▸ RECORDED INFORMATION
______
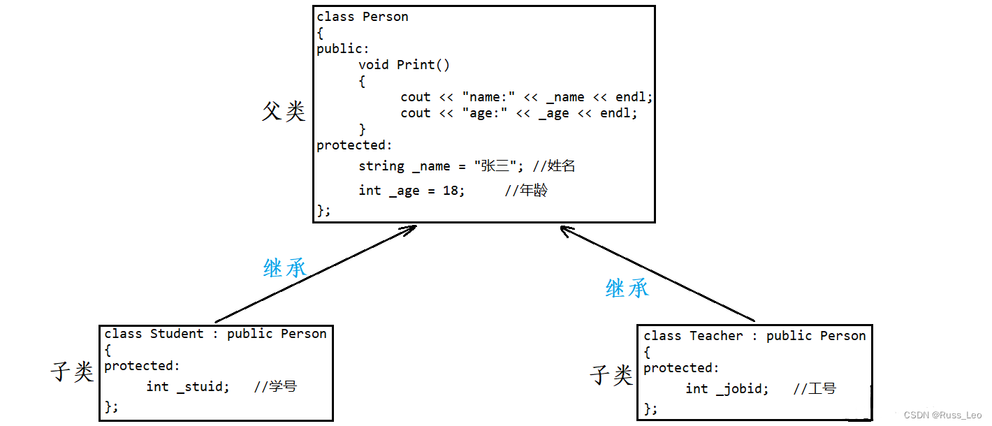 继承后,父类Person的成员,包括成员函数和成员变量,都会变成子类的一部分,也就是说,子类Student和Teacher复用了父类Person的成员。
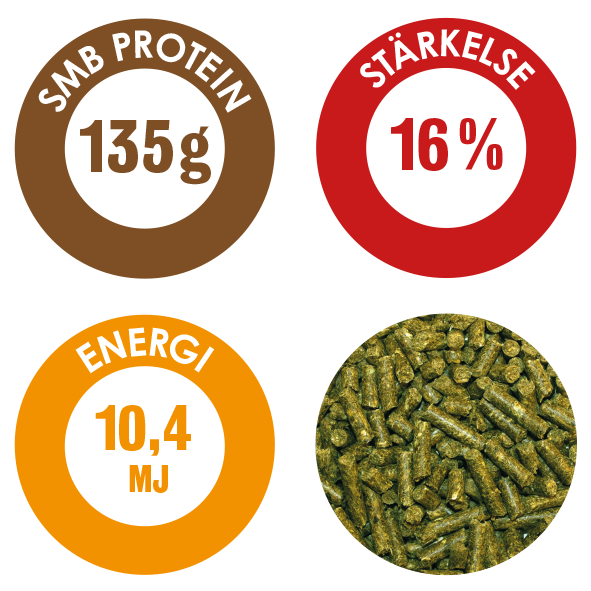Det är ett smakligt och skonsamt foder med sojamjöl som huvudsaklig proteinkälla. Sojamjöl innehåller protein av god kvalitet med en aminosyrasammansättning som är gynnsam för hästen med bland annat hög lysinhalt.
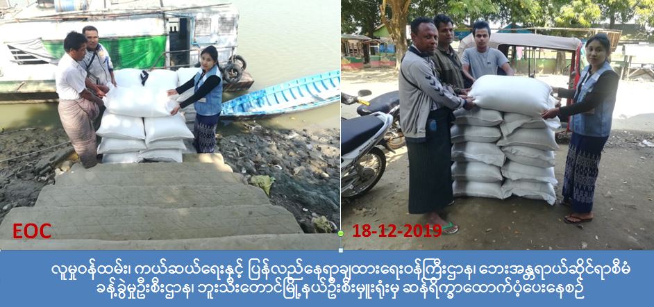 လူမှုဝန်ထမ်း၊ ကယ်ဆယ်ရေးနှင့် ပြန်လည်နေရာချထားရေးဝန်ကြီးဌာန၊ ဘေးအန္တရာယ် ဆိုင်ရာစီမံခန့်ခွဲမှုဦးစီးဌာန၊ ဘူးသီးတောင်မြို့နယ်ဦးစီးမှူးရုံးမှ တာဝန်ရှိသူများသည် တိုက်ပွဲ ဖြစ်ပွားမှုကြောင့် ဘူးသီးတောင်မြို့နယ်အတွင်းရှိ ရိက္ခာထပ်မံ လိုအပ်လျက်ရှိသော ဘူးသီး တောင်မြို့နယ်၊ ခွဆုံ(ဘင်္ဂါလီ) ကျေးရွာနှင့် ဖိုးခေါင်ချောင်း (ဘင်္ဂါလီ) ကျေးရွာ၊ စုစုပေါင်း စုရပ် စခန်း(၂) ခုရှိ တိုက်ပွဲရှောင်ပြည်သူ အိမ်ထောင်စု(၁၀၆) စု၊ လူဦးရေ (၅၁၇) ဦးအတွက် ဆန်ရိက္ခာ(၁) လ စာ ဆန်(၁၆၁) အိတ်၊(၁၃) ပြည်၊(၄) ဘူးအား(၁၈-၁၂-၂၀၁၉) ရက်နေ့တွင် ထောက်ပံပေးအပ်ခဲ့ကြောင်း သတင်းရရှိပါသည်။
______
▸ YOUR ASSIGNMENT
Repeat the material above word for word and skip every image in it.

▸ ANSWER SPACE
 继承后,父类Person的成员,包括成员函数和成员变量,都会变成子类的一部分,也就是说,子类Student和Teacher复用了父类Person的成员。
Det är ett smakligt och skonsamt foder med sojamjöl som huvudsaklig proteinkälla. Sojamjöl innehåller protein av god kvalitet med en aminosyrasammansättning som är gynnsam för hästen med bland annat hög lysinhalt.
 လူမှုဝန်ထမ်း၊ ကယ်ဆယ်ရေးနှင့် ပြန်လည်နေရာချထားရေးဝန်ကြီးဌာန၊ ဘေးအန္တရာယ် ဆိုင်ရာစီမံခန့်ခွဲမှုဦးစီးဌာန၊ ဘူးသီးတောင်မြို့နယ်ဦးစီးမှူးရုံးမှ တာဝန်ရှိသူများသည် တိုက်ပွဲ ဖြစ်ပွားမှုကြောင့် ဘူးသီးတောင်မြို့နယ်အတွင်းရှိ ရိက္ခာထပ်မံ လိုအပ်လျက်ရှိသော ဘူးသီး တောင်မြို့နယ်၊ ခွဆုံ(ဘင်္ဂါလီ) ကျေးရွာနှင့် ဖိုးခေါင်ချောင်း (ဘင်္ဂါလီ) ကျေးရွာ၊ စုစုပေါင်း စုရပ် စခန်း(၂) ခုရှိ တိုက်ပွဲရှောင်ပြည်သူ အိမ်ထောင်စု(၁၀၆) စု၊ လူဦးရေ (၅၁၇) ဦးအတွက် ဆန်ရိက္ခာ(၁) လ စာ ဆန်(၁၆၁) အိတ်၊(၁၃) ပြည်၊(၄) ဘူးအား(၁၈-၁၂-၂၀၁၉) ရက်နေ့တွင် ထောက်ပံပေးအပ်ခဲ့ကြောင်း သတင်းရရှိပါသည်။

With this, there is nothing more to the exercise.